Suppose we wish to solve the quadratically constrained quadratic program (QCQP) in $x \in \mathbb R^n$
$$\begin{array}{rl} \text{minimize} & \frac{1}{2}x^\top Lx\\ \text{subject to} & Ax=b\\ & x^\top P_i x=0\ \forall x\in\{1,\ldots,m\}. \end{array}$$
where $L \in \mathbb R^{n\times n}$ is positive definite, whereas matrices $P_i$ are not.
We can write a semidefinite relaxation of this problem as follows
$$\begin{array}{rl} \min_{x\in\mathbb R^n, X\in\mathbb R^{n\times n}}& \frac{1}{2}\mathrm{tr}(LX)\\ \mathrm{s.t.} & \begin{pmatrix} -b & A \end{pmatrix}\begin{pmatrix} 1 &x^\top\\x & X\end{pmatrix}=\begin{pmatrix} 0&0\end{pmatrix} \\ & \mathrm{tr}(P_iX)=0\ \forall x\in\{1,\ldots,m\}\\ & \begin{pmatrix} 1 &x^\top\\x & X\end{pmatrix}\succeq0 \end{array}$$
Adding a constraint $X=xx^\top$ would make the above equivalent to the original QCQP. The first constraint is obtained by writing $Ax=b$ as $$\begin{pmatrix}-b&A\end{pmatrix}\begin{pmatrix}1\\x\end{pmatrix}=0$$ and post-multiplying both sides by $\begin{pmatrix}1&x^\top\end{pmatrix}$. I have several related questions:
Are there conditions under which the solution of the original QCQP is also optimal for the relaxed problem? (i.e. relaxing may make the solution nonunique but not have a lower objective value)

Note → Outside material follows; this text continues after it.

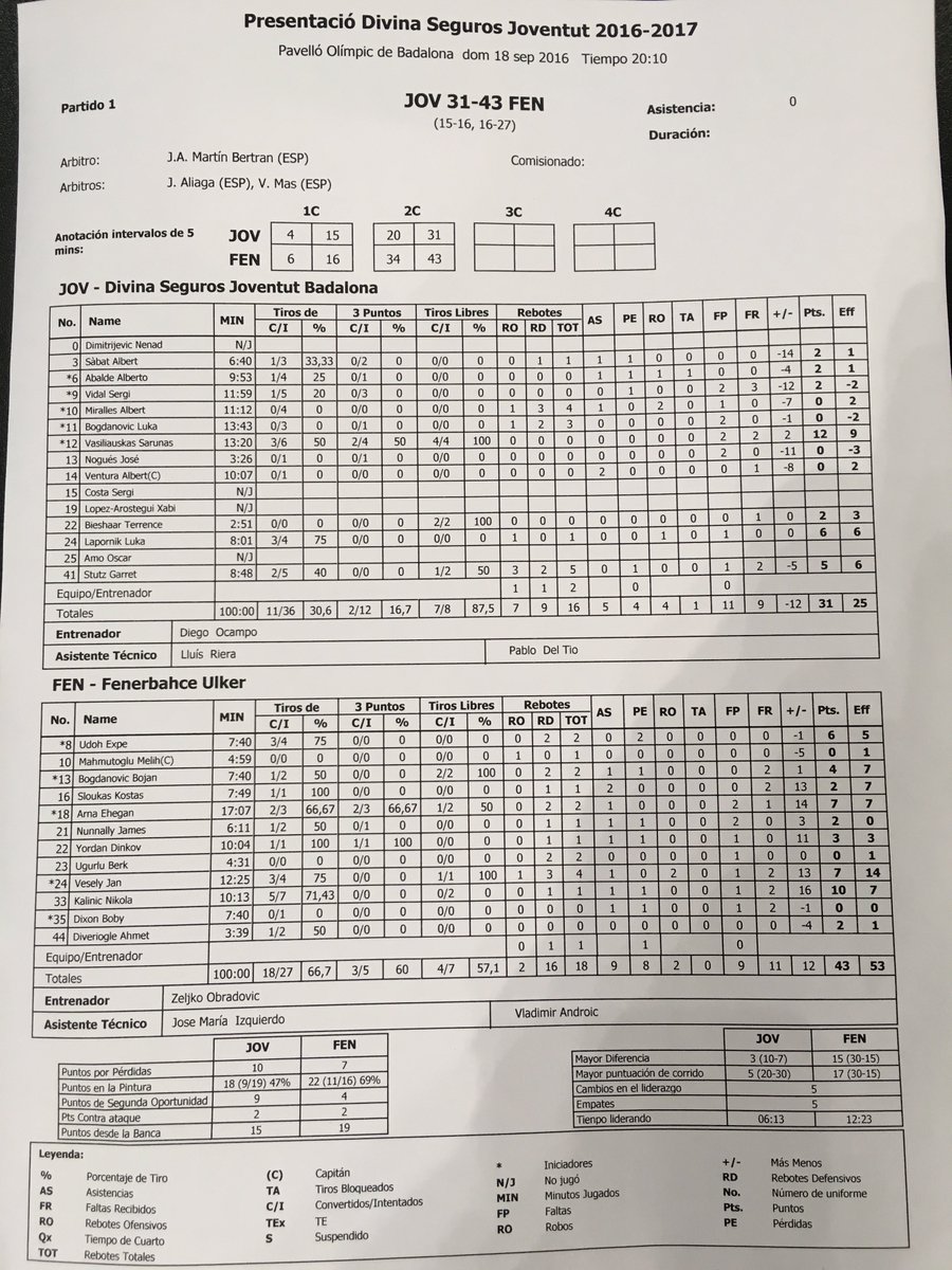 13 hücum ribaundu alan ve ikinci şanslardan 19 sayı çıkaran Badalona'da Garrett Stutz 20 sayı 11 ribaunt, Bogdanovic 19 sayı 6 ribaunt 2 asist, Vasiliuskas 14 sayı 2 asist, Sabat 10 sayı 4 ribaunt 5 asistle etkili oldu.

Are there constraints I should add to the convex relaxation to make it tighter?
Are there conditions under which the optimal $X$ in the relaxed problem is rank-$1$?

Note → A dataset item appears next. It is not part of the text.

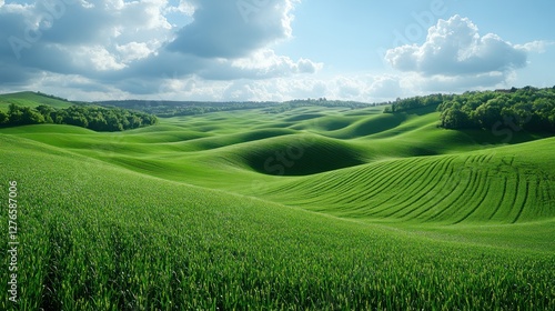 © RONNY, Fototapeta premium Rolling Hills Lush Green Field Sunny Day

Additional details in case they help:
- My $L$ has similar structure to a graph Laplacian
- Everything is convex in this problem except the (pesky) $P_i$ constraints, but these are "homogeneous" in the sense that they are purely degree-$2$ with zero on the right-hand side.
- The problem to which I'm applying this relaxation is a little complicated to explain in this post, but my experience experimentally is that, well, sometimes $X$ is rank-$1$ and sometimes it's low-rank but not rank-$1$. I haven't figured out the pattern.